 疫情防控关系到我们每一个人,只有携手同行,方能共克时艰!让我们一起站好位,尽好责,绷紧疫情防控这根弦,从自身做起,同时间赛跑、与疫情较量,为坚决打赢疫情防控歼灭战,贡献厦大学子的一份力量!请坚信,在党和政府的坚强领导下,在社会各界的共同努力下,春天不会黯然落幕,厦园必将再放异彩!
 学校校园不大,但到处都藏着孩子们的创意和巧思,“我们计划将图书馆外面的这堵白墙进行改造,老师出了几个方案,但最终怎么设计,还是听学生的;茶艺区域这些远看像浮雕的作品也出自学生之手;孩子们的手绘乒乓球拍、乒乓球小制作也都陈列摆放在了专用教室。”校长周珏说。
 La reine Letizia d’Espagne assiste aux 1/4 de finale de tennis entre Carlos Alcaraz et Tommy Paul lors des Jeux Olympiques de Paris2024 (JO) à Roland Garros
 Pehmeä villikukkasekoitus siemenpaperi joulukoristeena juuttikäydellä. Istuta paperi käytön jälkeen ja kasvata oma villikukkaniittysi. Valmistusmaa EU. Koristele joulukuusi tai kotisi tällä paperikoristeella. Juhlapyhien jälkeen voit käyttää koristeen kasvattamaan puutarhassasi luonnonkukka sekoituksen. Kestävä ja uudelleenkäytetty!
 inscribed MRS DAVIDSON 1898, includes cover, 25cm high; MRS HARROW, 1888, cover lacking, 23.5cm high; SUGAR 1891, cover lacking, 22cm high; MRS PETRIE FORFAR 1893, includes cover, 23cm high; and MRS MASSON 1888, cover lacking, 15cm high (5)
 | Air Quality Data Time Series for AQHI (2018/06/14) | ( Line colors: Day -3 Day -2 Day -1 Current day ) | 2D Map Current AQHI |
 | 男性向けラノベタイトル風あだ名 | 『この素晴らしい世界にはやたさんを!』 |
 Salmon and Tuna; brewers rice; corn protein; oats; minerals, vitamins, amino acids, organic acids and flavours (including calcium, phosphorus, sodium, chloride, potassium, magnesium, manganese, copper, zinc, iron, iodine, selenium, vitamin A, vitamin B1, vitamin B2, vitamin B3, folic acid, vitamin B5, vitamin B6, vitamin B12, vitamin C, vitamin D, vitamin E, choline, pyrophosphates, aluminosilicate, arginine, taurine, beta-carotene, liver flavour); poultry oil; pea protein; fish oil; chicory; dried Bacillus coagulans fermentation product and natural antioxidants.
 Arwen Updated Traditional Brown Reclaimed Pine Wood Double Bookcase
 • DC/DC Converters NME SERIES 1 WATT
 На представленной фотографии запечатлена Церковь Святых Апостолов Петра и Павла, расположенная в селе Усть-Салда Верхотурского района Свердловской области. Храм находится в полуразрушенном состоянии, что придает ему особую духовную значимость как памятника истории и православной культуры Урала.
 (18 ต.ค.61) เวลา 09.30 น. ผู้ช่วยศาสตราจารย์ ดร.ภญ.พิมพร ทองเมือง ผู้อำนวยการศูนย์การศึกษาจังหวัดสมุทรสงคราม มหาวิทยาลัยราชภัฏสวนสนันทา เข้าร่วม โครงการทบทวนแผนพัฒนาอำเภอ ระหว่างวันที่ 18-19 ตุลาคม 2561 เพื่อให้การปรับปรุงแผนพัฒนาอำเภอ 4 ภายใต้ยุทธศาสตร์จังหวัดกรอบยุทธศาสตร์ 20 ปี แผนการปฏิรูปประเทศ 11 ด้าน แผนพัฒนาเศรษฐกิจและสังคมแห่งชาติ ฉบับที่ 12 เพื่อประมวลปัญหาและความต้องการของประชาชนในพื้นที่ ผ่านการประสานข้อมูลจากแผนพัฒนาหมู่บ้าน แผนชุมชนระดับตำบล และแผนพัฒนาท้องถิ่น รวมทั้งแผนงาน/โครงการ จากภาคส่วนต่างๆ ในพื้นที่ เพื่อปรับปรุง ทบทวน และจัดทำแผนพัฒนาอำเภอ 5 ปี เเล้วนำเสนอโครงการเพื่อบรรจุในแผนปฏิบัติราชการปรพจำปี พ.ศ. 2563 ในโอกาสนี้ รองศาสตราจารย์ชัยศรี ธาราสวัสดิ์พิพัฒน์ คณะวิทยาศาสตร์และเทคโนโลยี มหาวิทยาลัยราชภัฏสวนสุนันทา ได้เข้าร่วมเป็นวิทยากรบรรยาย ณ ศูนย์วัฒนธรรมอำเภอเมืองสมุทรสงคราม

**About this exercise**
Word for word, give the material above a second time.

**Exercise result**
 疫情防控关系到我们每一个人,只有携手同行,方能共克时艰!让我们一起站好位,尽好责,绷紧疫情防控这根弦,从自身做起,同时间赛跑、与疫情较量,为坚决打赢疫情防控歼灭战,贡献厦大学子的一份力量!请坚信,在党和政府的坚强领导下,在社会各界的共同努力下,春天不会黯然落幕,厦园必将再放异彩!
 学校校园不大,但到处都藏着孩子们的创意和巧思,“我们计划将图书馆外面的这堵白墙进行改造,老师出了几个方案,但最终怎么设计,还是听学生的;茶艺区域这些远看像浮雕的作品也出自学生之手;孩子们的手绘乒乓球拍、乒乓球小制作也都陈列摆放在了专用教室。”校长周珏说。
 La reine Letizia d’Espagne assiste aux 1/4 de finale de tennis entre Carlos Alcaraz et Tommy Paul lors des Jeux Olympiques de Paris2024 (JO) à Roland Garros
 Pehmeä villikukkasekoitus siemenpaperi joulukoristeena juuttikäydellä. Istuta paperi käytön jälkeen ja kasvata oma villikukkaniittysi. Valmistusmaa EU. Koristele joulukuusi tai kotisi tällä paperikoristeella. Juhlapyhien jälkeen voit käyttää koristeen kasvattamaan puutarhassasi luonnonkukka sekoituksen. Kestävä ja uudelleenkäytetty!
 inscribed MRS DAVIDSON 1898, includes cover, 25cm high; MRS HARROW, 1888, cover lacking, 23.5cm high; SUGAR 1891, cover lacking, 22cm high; MRS PETRIE FORFAR 1893, includes cover, 23cm high; and MRS MASSON 1888, cover lacking, 15cm high (5)
 | Air Quality Data Time Series for AQHI (2018/06/14) | ( Line colors: Day -3 Day -2 Day -1 Current day ) | 2D Map Current AQHI |
 | 男性向けラノベタイトル風あだ名 | 『この素晴らしい世界にはやたさんを!』 |
 Salmon and Tuna; brewers rice; corn protein; oats; minerals, vitamins, amino acids, organic acids and flavours (including calcium, phosphorus, sodium, chloride, potassium, magnesium, manganese, copper, zinc, iron, iodine, selenium, vitamin A, vitamin B1, vitamin B2, vitamin B3, folic acid, vitamin B5, vitamin B6, vitamin B12, vitamin C, vitamin D, vitamin E, choline, pyrophosphates, aluminosilicate, arginine, taurine, beta-carotene, liver flavour); poultry oil; pea protein; fish oil; chicory; dried Bacillus coagulans fermentation product and natural antioxidants.
 Arwen Updated Traditional Brown Reclaimed Pine Wood Double Bookcase
 • DC/DC Converters NME SERIES 1 WATT
 На представленной фотографии запечатлена Церковь Святых Апостолов Петра и Павла, расположенная в селе Усть-Салда Верхотурского района Свердловской области. Храм находится в полуразрушенном состоянии, что придает ему особую духовную значимость как памятника истории и православной культуры Урала.
 (18 ต.ค.61) เวลา 09.30 น. ผู้ช่วยศาสตราจารย์ ดร.ภญ.พิมพร ทองเมือง ผู้อำนวยการศูนย์การศึกษาจังหวัดสมุทรสงคราม มหาวิทยาลัยราชภัฏสวนสนันทา เข้าร่วม โครงการทบทวนแผนพัฒนาอำเภอ ระหว่างวันที่ 18-19 ตุลาคม 2561 เพื่อให้การปรับปรุงแผนพัฒนาอำเภอ 4 ภายใต้ยุทธศาสตร์จังหวัดกรอบยุทธศาสตร์ 20 ปี แผนการปฏิรูปประเทศ 11 ด้าน แผนพัฒนาเศรษฐกิจและสังคมแห่งชาติ ฉบับที่ 12 เพื่อประมวลปัญหาและความต้องการของประชาชนในพื้นที่ ผ่านการประสานข้อมูลจากแผนพัฒนาหมู่บ้าน แผนชุมชนระดับตำบล และแผนพัฒนาท้องถิ่น รวมทั้งแผนงาน/โครงการ จากภาคส่วนต่างๆ ในพื้นที่ เพื่อปรับปรุง ทบทวน และจัดทำแผนพัฒนาอำเภอ 5 ปี เเล้วนำเสนอโครงการเพื่อบรรจุในแผนปฏิบัติราชการปรพจำปี พ.ศ. 2563 ในโอกาสนี้ รองศาสตราจารย์ชัยศรี ธาราสวัสดิ์พิพัฒน์ คณะวิทยาศาสตร์และเทคโนโลยี มหาวิทยาลัยราชภัฏสวนสุนันทา ได้เข้าร่วมเป็นวิทยากรบรรยาย ณ ศูนย์วัฒนธรรมอำเภอเมืองสมุทรสงคราม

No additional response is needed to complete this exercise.